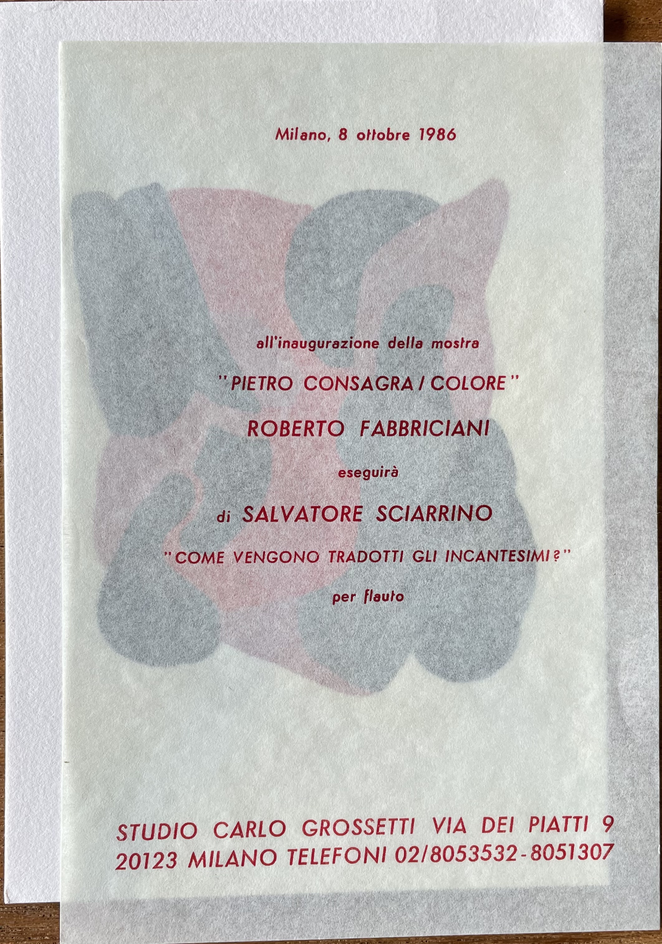 Pietro Consagra. “Consagra colore”. Studio Carlo Grossätti, Milano, 8 October 1986
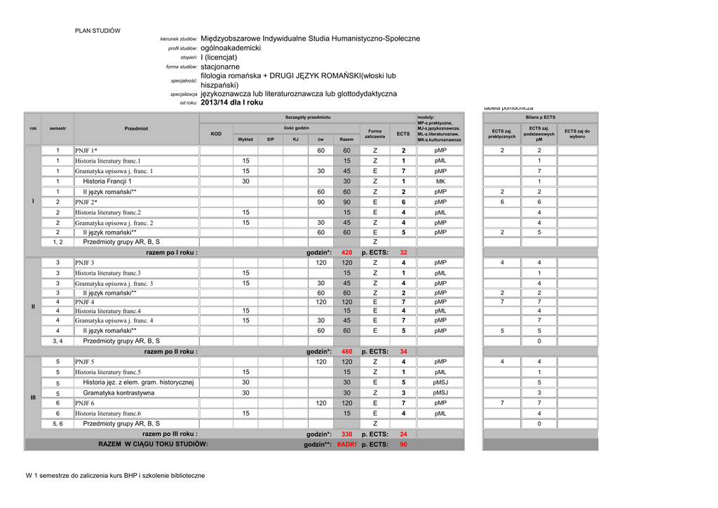 Filologia romańska I stopnia (obowiązuje od r. ak. 2013/14)
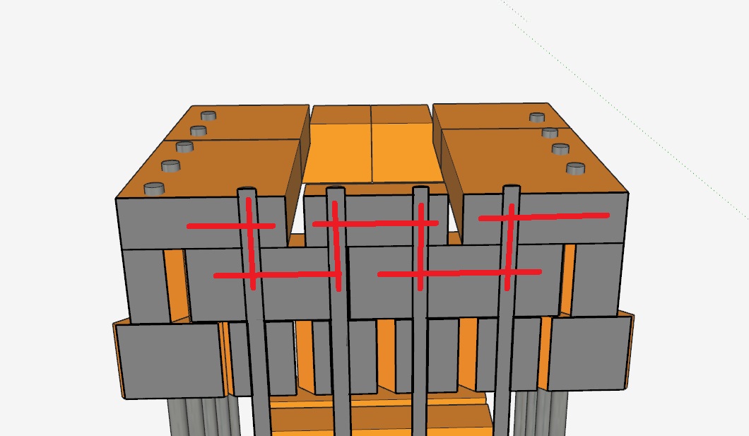 Попарно (местами по три) замыкается через ряд... Самый верхний ряд замыкает по всему контуру... Механической прочности более чем достаточно... Главное чтобы стержни не потекли... Но шамот так не греется... Даже с учетом натопа... |
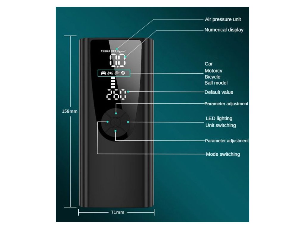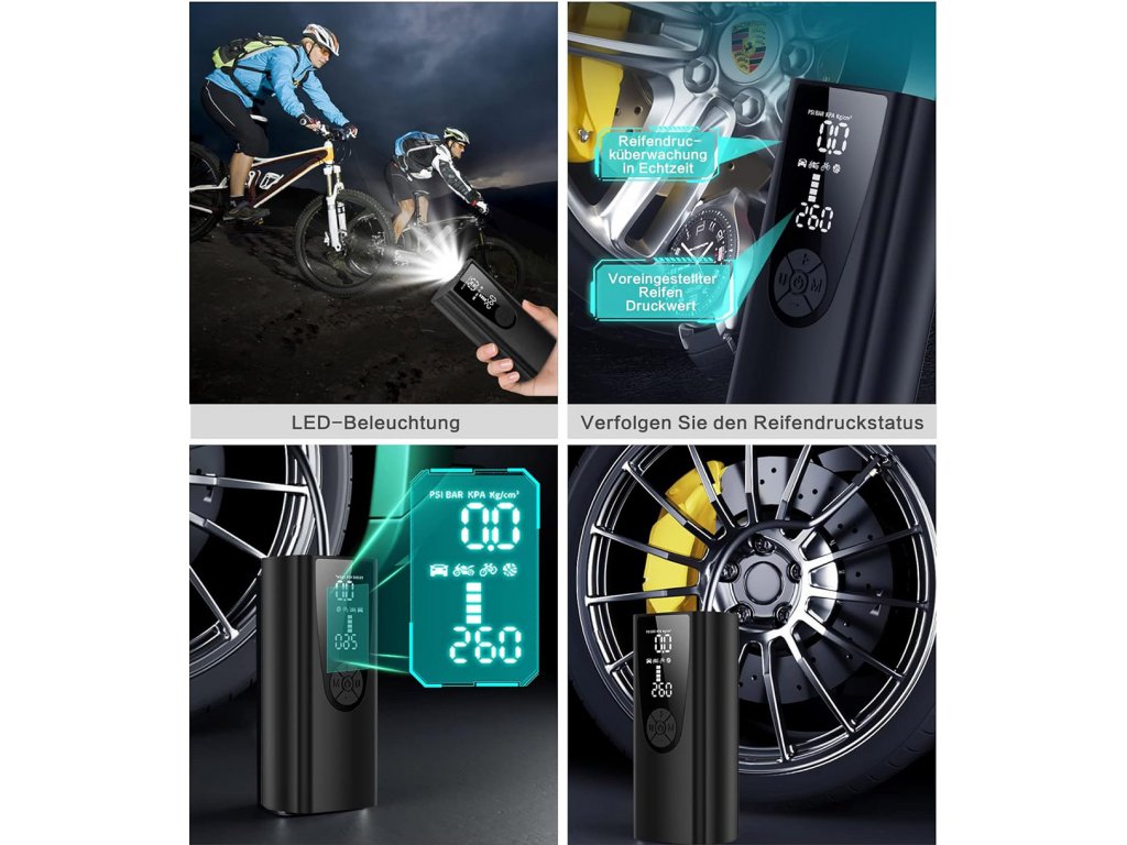 Digitální displej a nouzové světlo: Naše kolo s elektrickou vzduchovou pumpou má 4 volitelné jednotky: PSI, BAR, KPA, kg/cm2 a až 150 PSI. S digitálním displejem můžete jasně vidět a zvolit správný typ nafouknutí, který potřebujete. Vestavěné LED světlo dokáže pneumatiku nejen osvítit při huštění, ale také v případě nouze.
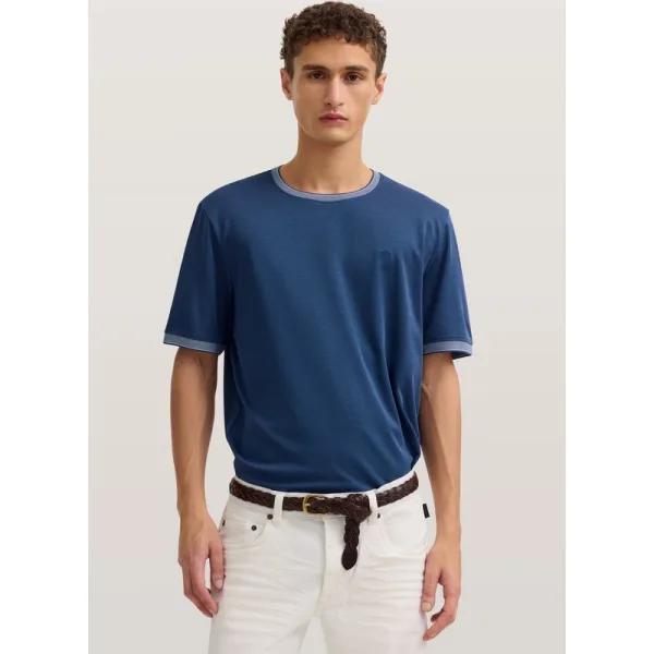 Dit bugatti heren Modern Fit T-shirt met halflange mouwen overtuigt door de hoogwaardige katoenmix voor aangenaam draagcomfort en vormvastheid. De klassieke ronde hals met decoratieve strepen en het veelzijdige ontwerp met halflange mouwen maken het een ideale metgezel voor dagelijks gebruik en vrije tijd.
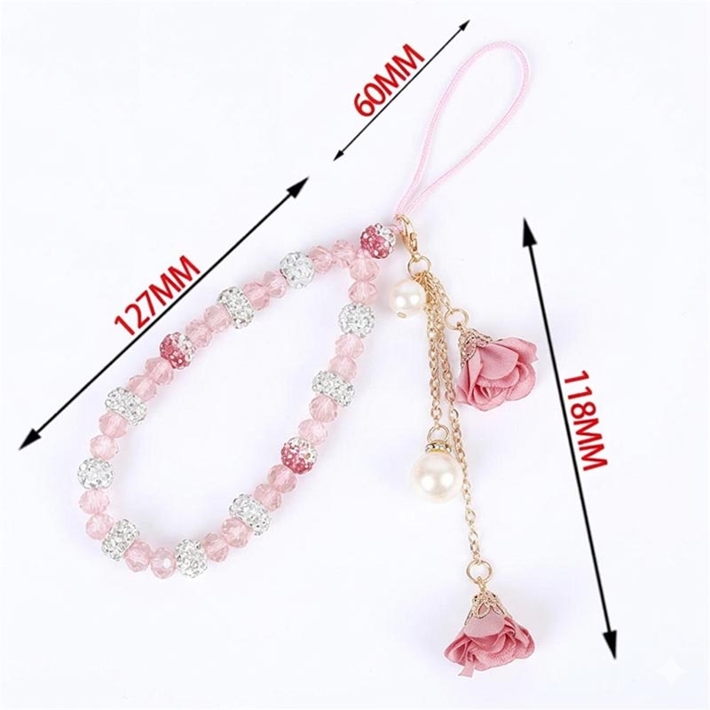 Lisää puhelimeesi tyylikäs yksityiskohta tällä 18,7 cm:n pituisella kristallikoruilla koristellulla puhelinnauhalla. Se on suunniteltu sekä koristeelliseksi asusteeksi että käytännölliseksi rannehihnaksi, ja siinä yhdistyvät kristallityyliset helmet, strassimaiset metallikoristeet, ruusukoristeet ja tekopärliriipus, jotka luovat hienostuneen ilmeen arkeen.
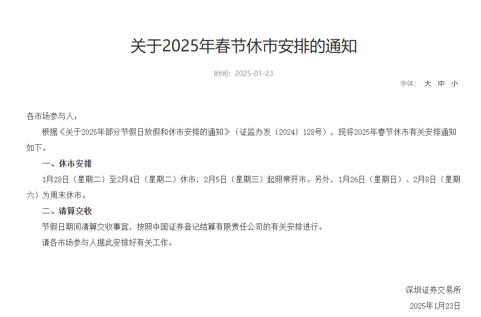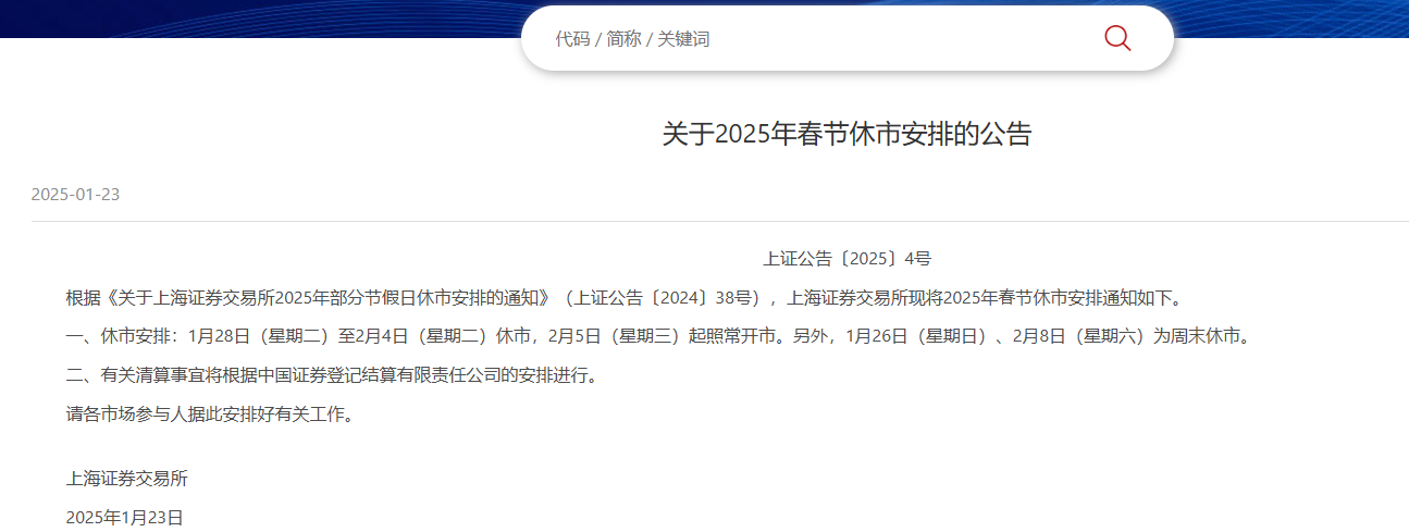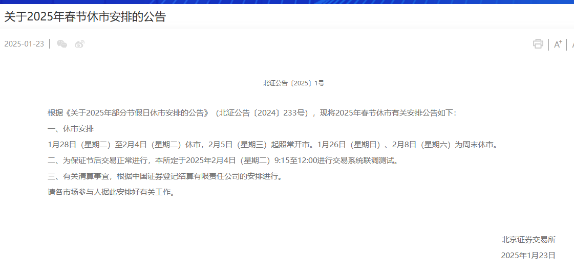 1月23日,沪深北交易所发布2025年春节休市安排。
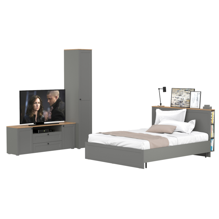 Кровать Остин с ортопедическим основанием для матраса 1600х2000 с тумбой для аппаратуры и шкафом-пеналом. Комплектация состоит из двуспальной кровати Остин 11.53 с ортопедическим основанием, глубокого пенала Остин 13.225 и тумбы под ТВ Остин 16.47.
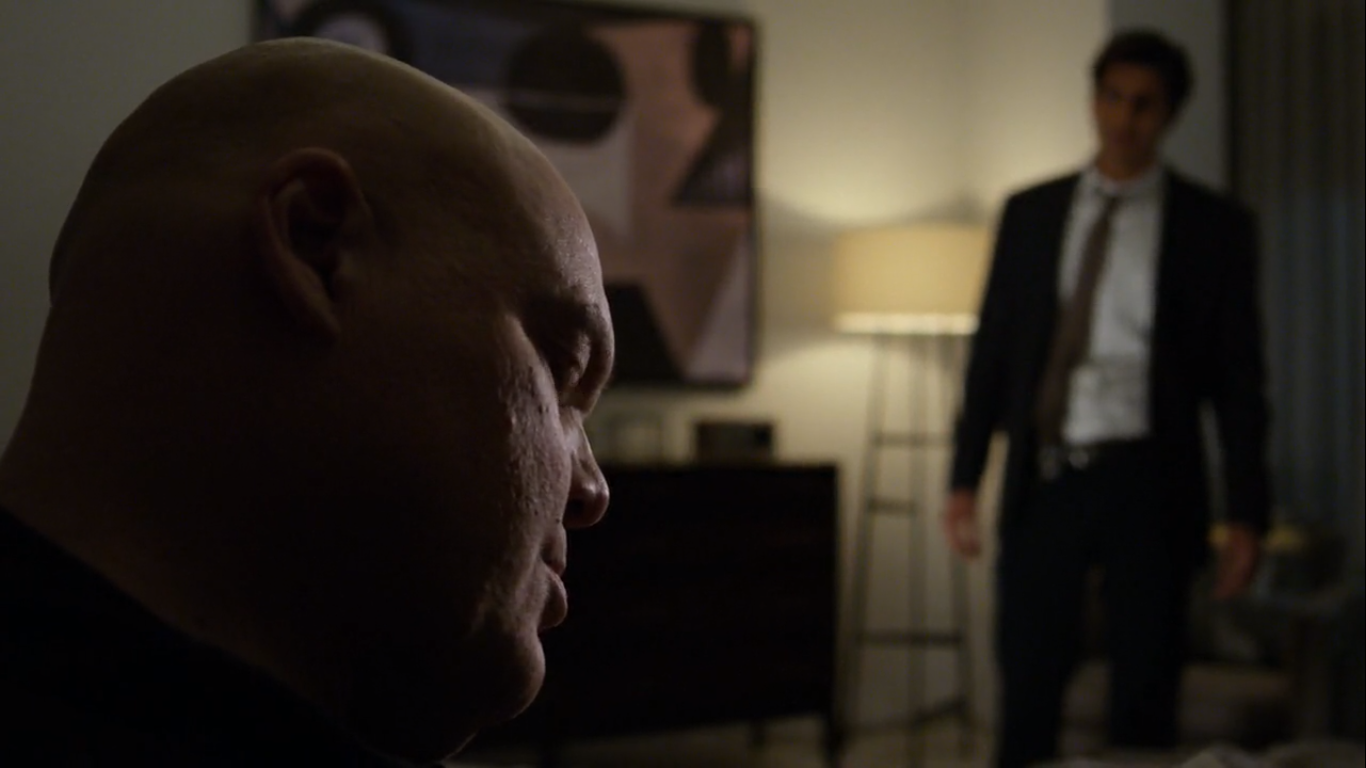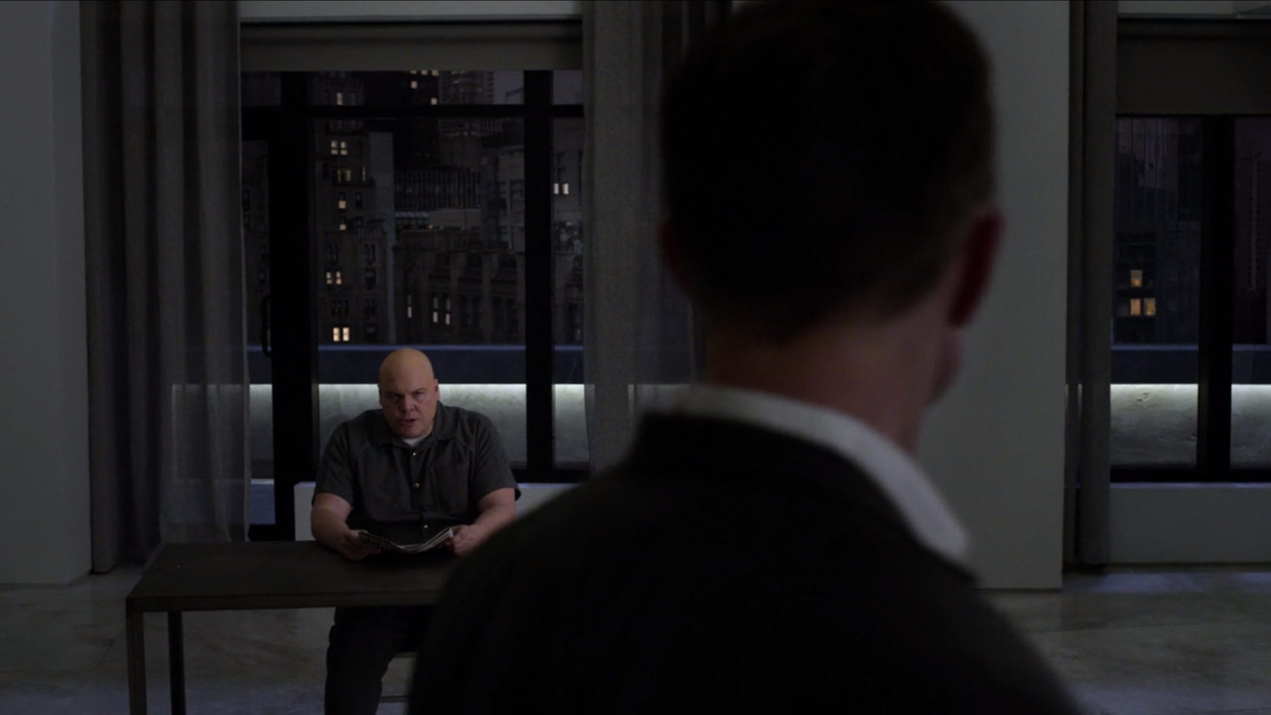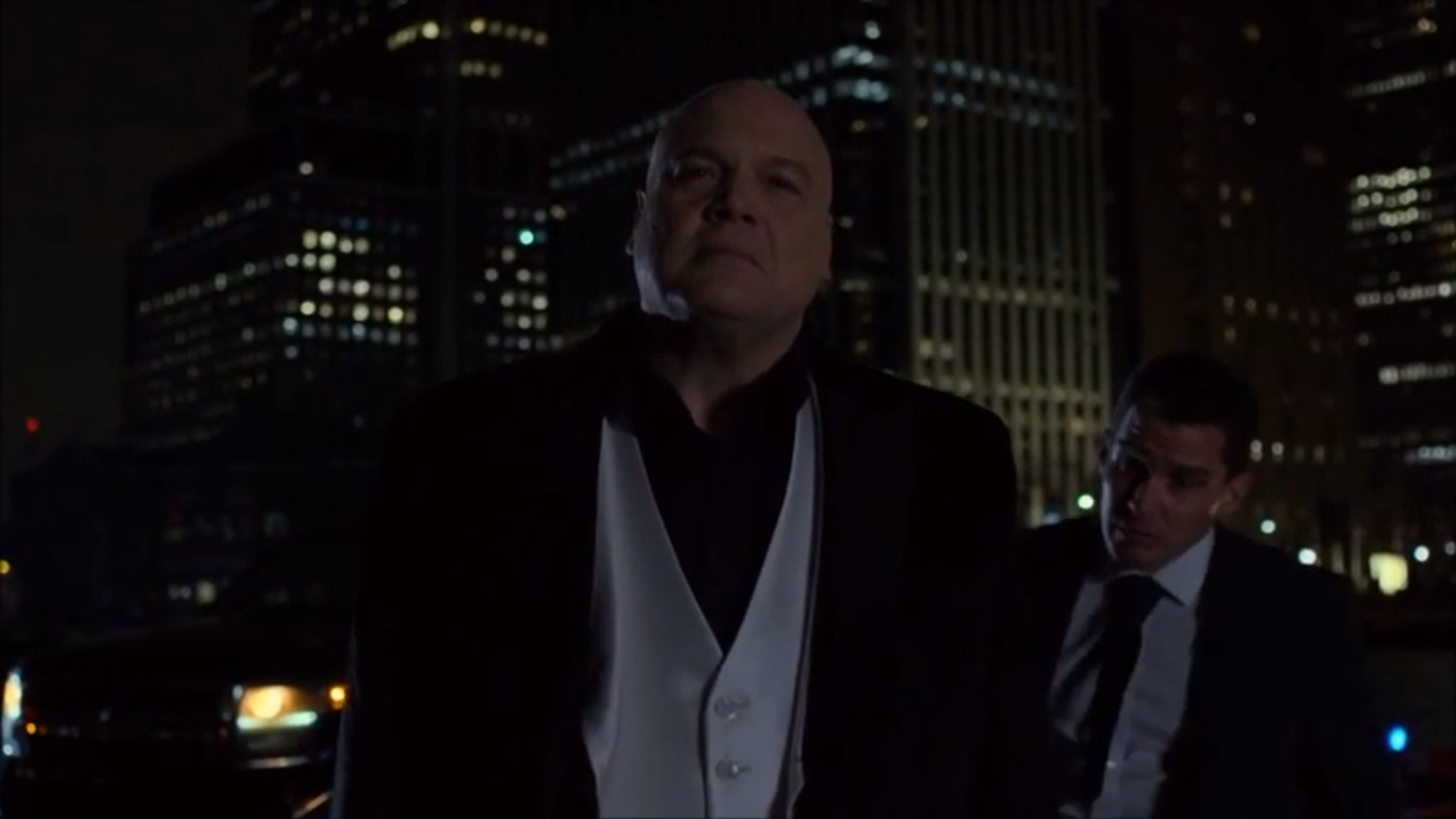 While inside his penthouse, Fisk spoke to Vanessa Marianna about her life as well as his life living in Asia when he was interrupted by a call from James Wesley. Apologizing to Marianna, Fisk answered Wesley who explained that Christian Blake had just awoken in the hospital after Fisk's ESU Sniper shot him. Fisk suggested they use Carl Hoffman to assassinate him as they agreed that Blake would seek revenge, therefore Fisk knew he had to kill Blake before he exposed his entire operation.

== Work item ==
Exactly as written, restate the listing above with its pictures omitted.

== Output for this task ==
 Pietro Consagra. “Consagra colore”. Studio Carlo Grossätti, Milano, 8 October 1986
 Filologia romańska I stopnia (obowiązuje od r. ak. 2013/14)
 Попарно (местами по три) замыкается через ряд... Самый верхний ряд замыкает по всему контуру... Механической прочности более чем достаточно... Главное чтобы стержни не потекли... Но шамот так не греется... Даже с учетом натопа... |
 Digitální displej a nouzové světlo: Naše kolo s elektrickou vzduchovou pumpou má 4 volitelné jednotky: PSI, BAR, KPA, kg/cm2 a až 150 PSI. S digitálním displejem můžete jasně vidět a zvolit správný typ nafouknutí, který potřebujete. Vestavěné LED světlo dokáže pneumatiku nejen osvítit při huštění, ale také v případě nouze.
 Dit bugatti heren Modern Fit T-shirt met halflange mouwen overtuigt door de hoogwaardige katoenmix voor aangenaam draagcomfort en vormvastheid. De klassieke ronde hals met decoratieve strepen en het veelzijdige ontwerp met halflange mouwen maken het een ideale metgezel voor dagelijks gebruik en vrije tijd.
 Lisää puhelimeesi tyylikäs yksityiskohta tällä 18,7 cm:n pituisella kristallikoruilla koristellulla puhelinnauhalla. Se on suunniteltu sekä koristeelliseksi asusteeksi että käytännölliseksi rannehihnaksi, ja siinä yhdistyvät kristallityyliset helmet, strassimaiset metallikoristeet, ruusukoristeet ja tekopärliriipus, jotka luovat hienostuneen ilmeen arkeen.
 1月23日,沪深北交易所发布2025年春节休市安排。
 Кровать Остин с ортопедическим основанием для матраса 1600х2000 с тумбой для аппаратуры и шкафом-пеналом. Комплектация состоит из двуспальной кровати Остин 11.53 с ортопедическим основанием, глубокого пенала Остин 13.225 и тумбы под ТВ Остин 16.47.
 While inside his penthouse, Fisk spoke to Vanessa Marianna about her life as well as his life living in Asia when he was interrupted by a call from James Wesley. Apologizing to Marianna, Fisk answered Wesley who explained that Christian Blake had just awoken in the hospital after Fisk's ESU Sniper shot him. Fisk suggested they use Carl Hoffman to assassinate him as they agreed that Blake would seek revenge, therefore Fisk knew he had to kill Blake before he exposed his entire operation.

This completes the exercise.